EXERCISE DETAILS: Please copy the lines below, exactly as they are, from the one with "三是安全有效可靠。电子行驶证" through the one with "Живописны набережные и", and leave out the pictures.

DATASET RECORDS:

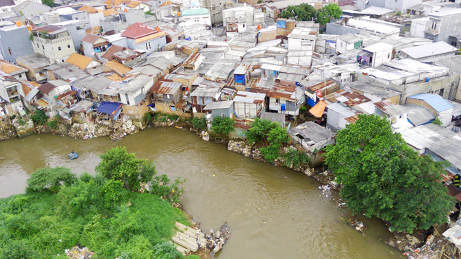 Suasana rumah padat penduduk di bantaran Sungai Ciliwung, Manggarai, Jakarta, Sabtu (12/11/2022). Pemerintah Provinsi DKI Jakarta menargetkan normalisasi Ciliwung sepanjang 4,8 kilometer pada 2023. Data dari Dinas SDA DKI Jakarta, normalisasi Ciliwung ha
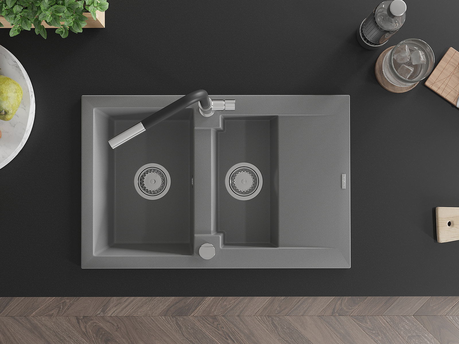Mexen Gaspar granieten spoelbak met 1,5 bak en afdruiprek en keukenmengkraan Flora, grijs - 6507-71-670401-07
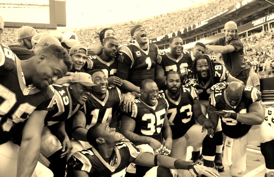 Did anyone see this picture? A smile. I re-watched the entire game to observe Cam Newton’s facial expressions. He was not allowing himself to have fun in the moment. He was playing the Super Bowl against one of the greatest quarterbacks the NFL has ever seen in Peyton Manning. A quarterback who at the potential end of his career realized that he just needed to do what was necessary to win, and not try to win the game all by himself.
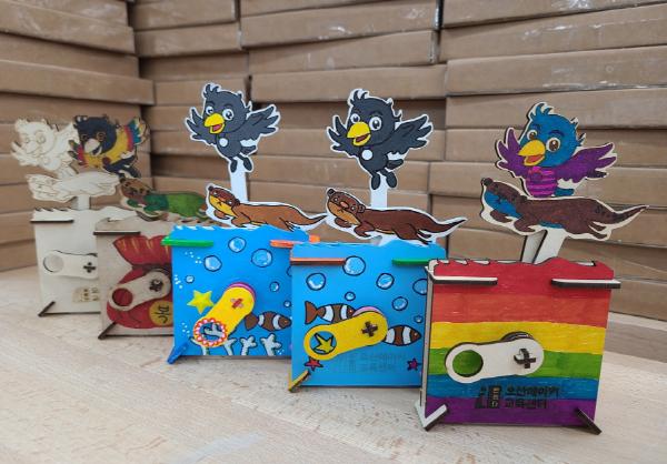 이번에 배포하는 키트는 ‘방콕메이킹 교실 1교시 까산이와 수달이’로 오토마타를 활용한 메이킹 키트이며, 오산시의 캐릭터인 까산이와 오산천 수달이가 움직이는 모형이다.
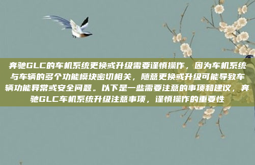 更换奔驰GLC的车机系统需要谨慎操作,最好在专业人员的指导下进行,以确保车辆的正常运行和安全。
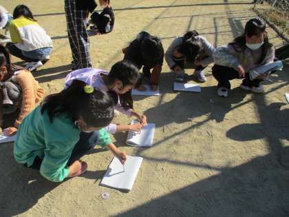 時間がたつと、かげと太陽の位置はどのように変わっていくのかを調べています。
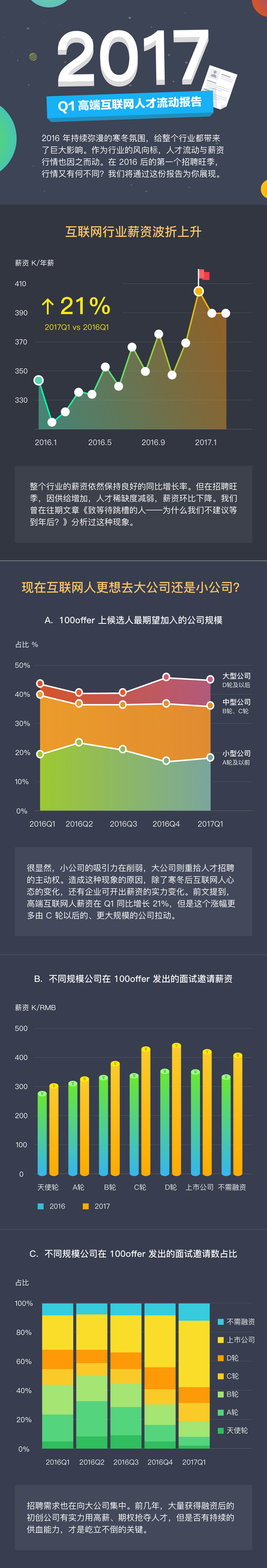 2017 年的春季招聘季刚刚过去,在这 2016 资本寒冬年后的第一个招聘旺季,互联网招聘市场正悄然变化。最大的一个变化也许是:招募互联网高端人才的主力,正在从中小型创业公司向中大型公司转移。
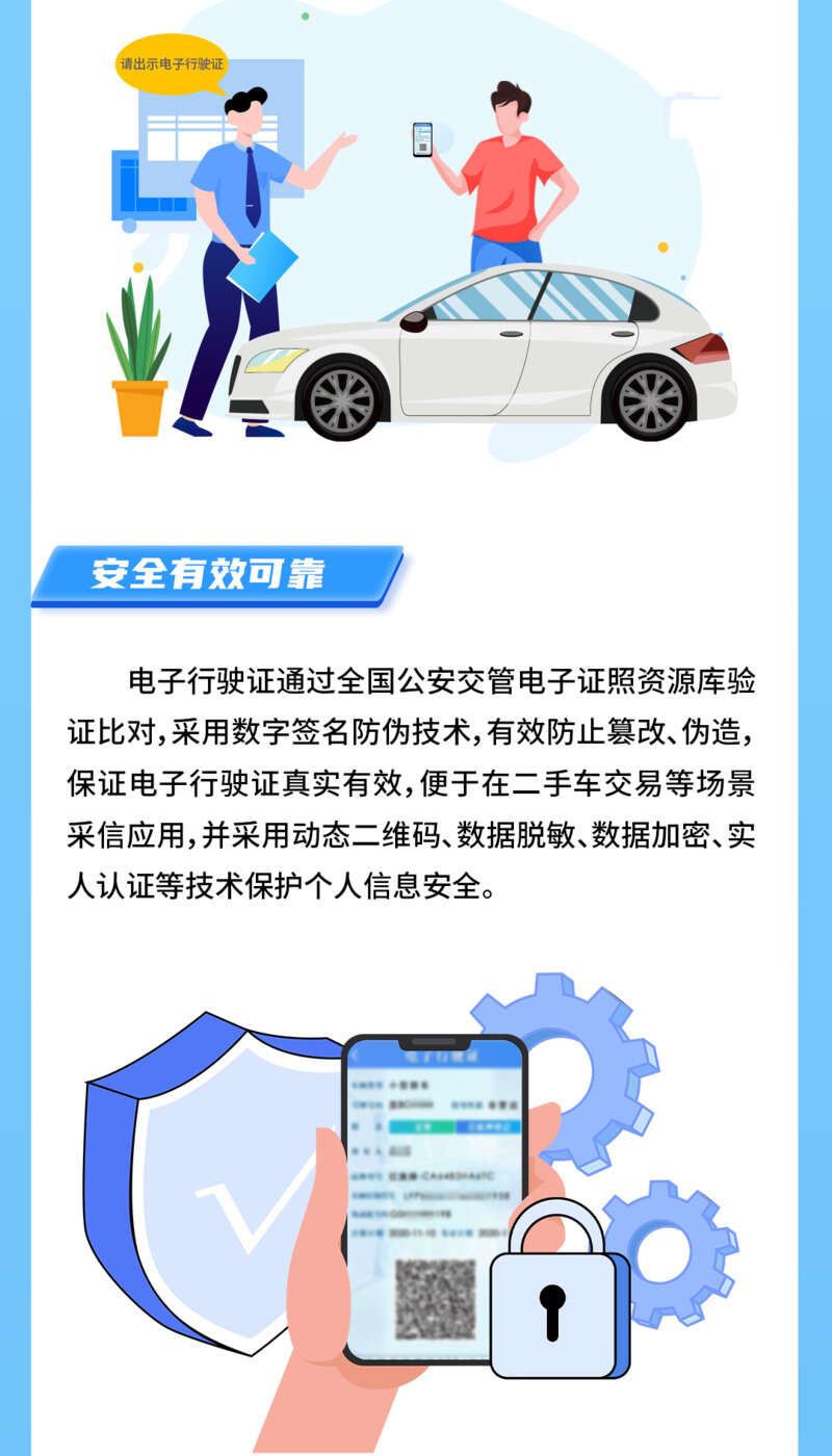 三是安全有效可靠。电子行驶证通过全国公安交管电子证照资源库验证比对,采用数字签名防伪技术,有效防止篡改、伪造,保证电子行驶证真实有效,便于在二手车交易等场景采信应用,并采用动态二维码、数据脱敏、数据加密、实人认证等技术保护个人信息安全。需要说明的是,按照《道路交通安全法》规定,纸质行驶证应当随车携带;电子行驶证主要应用于相关窗口业务办理。
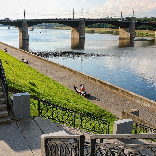 Живописны набережные и мосты Твери, особенно ажурный Старый мост (1900 г.). Рядом с ним, на левом волжском берегу, — памятник тверскому купцу Афанасию Никитину, путешественнику, проложившему в XV веке путь в Индию. Противоположный же берег Волги украшает памятник А.С.Пушкину, жизнь которого тесно связана с тверской землёй.
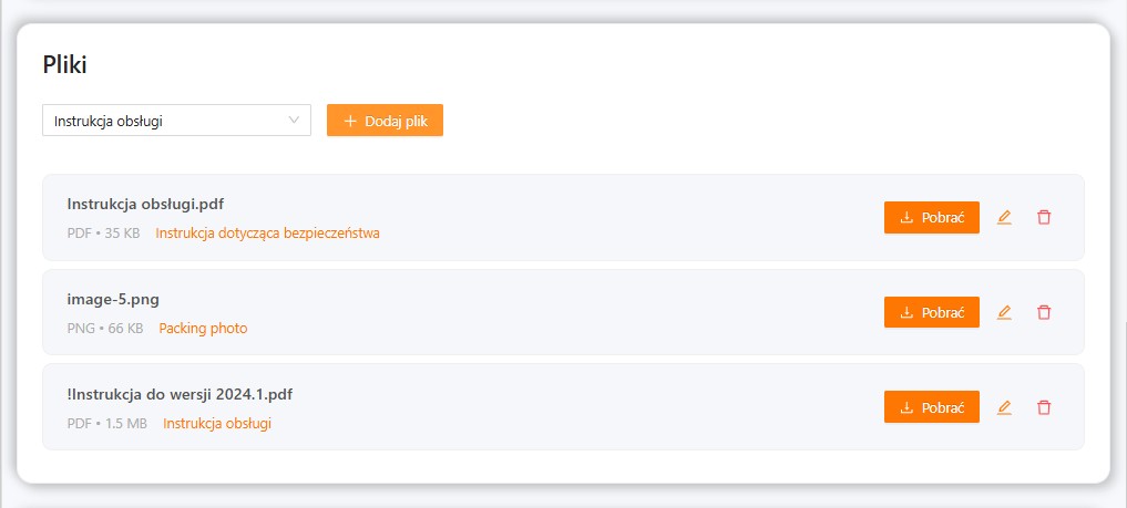 To pomocna sekcja porządkowa, szczególnie wtedy, gdy oferta wymaga dodatkowych plików technicznych, instrukcji lub innych dokumentów wykorzystywanych w pracy wewnętrznej.
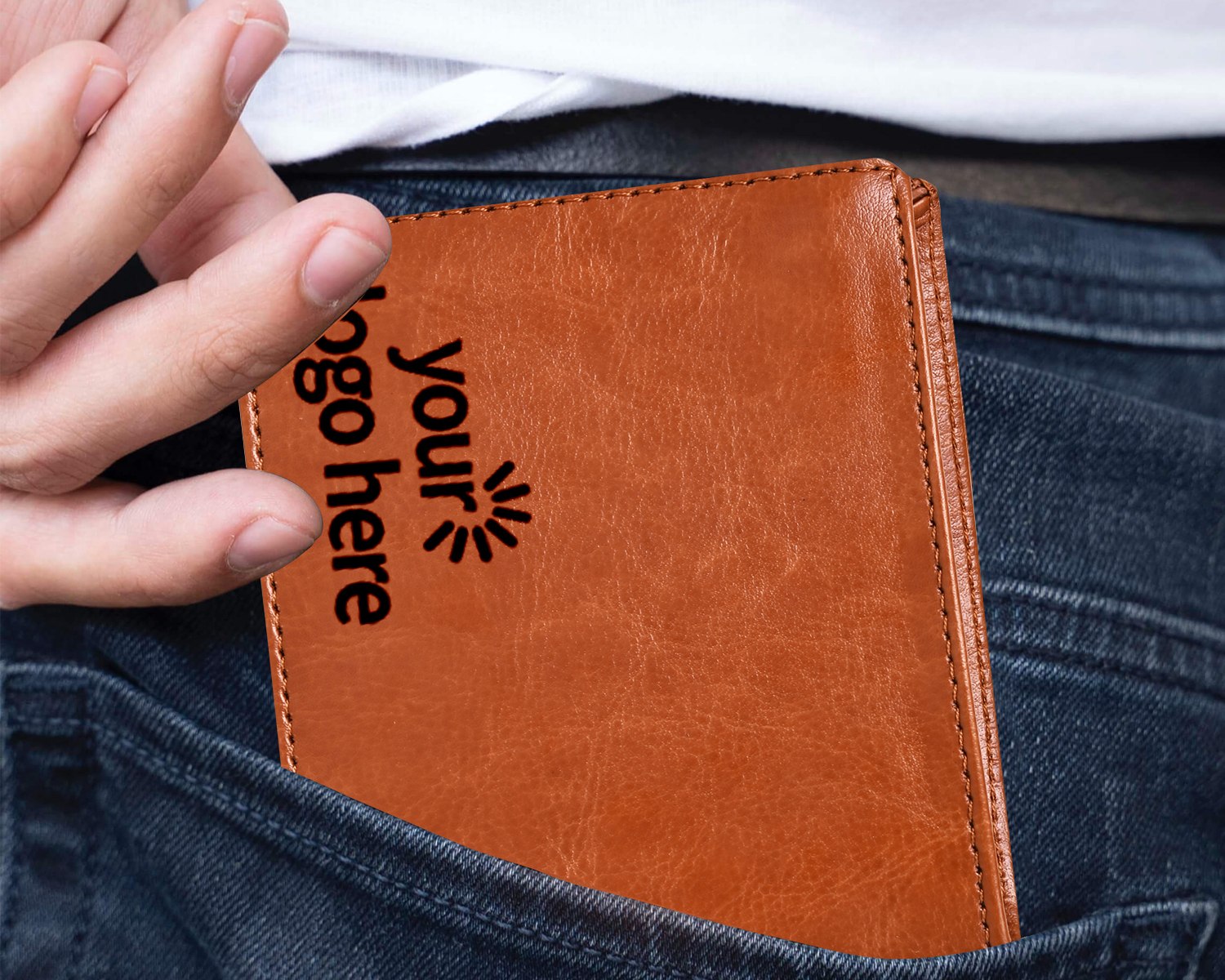 Whether you’re looking for a unique birthday gift, a retirement token, or a welcoming gesture for a new colleague, this personalized man wallets delivers. It’s versatile, appeals to wallet man of all ages and styles, and represents a thoughtful gesture of appreciation and camaraderie among colleagues. Shop now and make a lasting impression with this premium vegan leather wallet for men’s gift. Don’t settle for ordinary; choose extraordinary with our Personalized Wallet for Men with Company Logo.
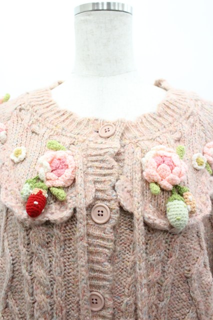 PINK HOUSE / Berry Roseモチーフ付きヨーク編みニットカーディガン ピンク I-26-03-25-026-LO-BL-SA-ZI [2100060000050785-I-26-03-25-026-LO-BL-SA-ZI]

SOLUTION TO THE PROBLEM:
 三是安全有效可靠。电子行驶证通过全国公安交管电子证照资源库验证比对,采用数字签名防伪技术,有效防止篡改、伪造,保证电子行驶证真实有效,便于在二手车交易等场景采信应用,并采用动态二维码、数据脱敏、数据加密、实人认证等技术保护个人信息安全。需要说明的是,按照《道路交通安全法》规定,纸质行驶证应当随车携带;电子行驶证主要应用于相关窗口业务办理。
 Живописны набережные и мосты Твери, особенно ажурный Старый мост (1900 г.). Рядом с ним, на левом волжском берегу, — памятник тверскому купцу Афанасию Никитину, путешественнику, проложившему в XV веке путь в Индию. Противоположный же берег Волги украшает памятник А.С.Пушкину, жизнь которого тесно связана с тверской землёй.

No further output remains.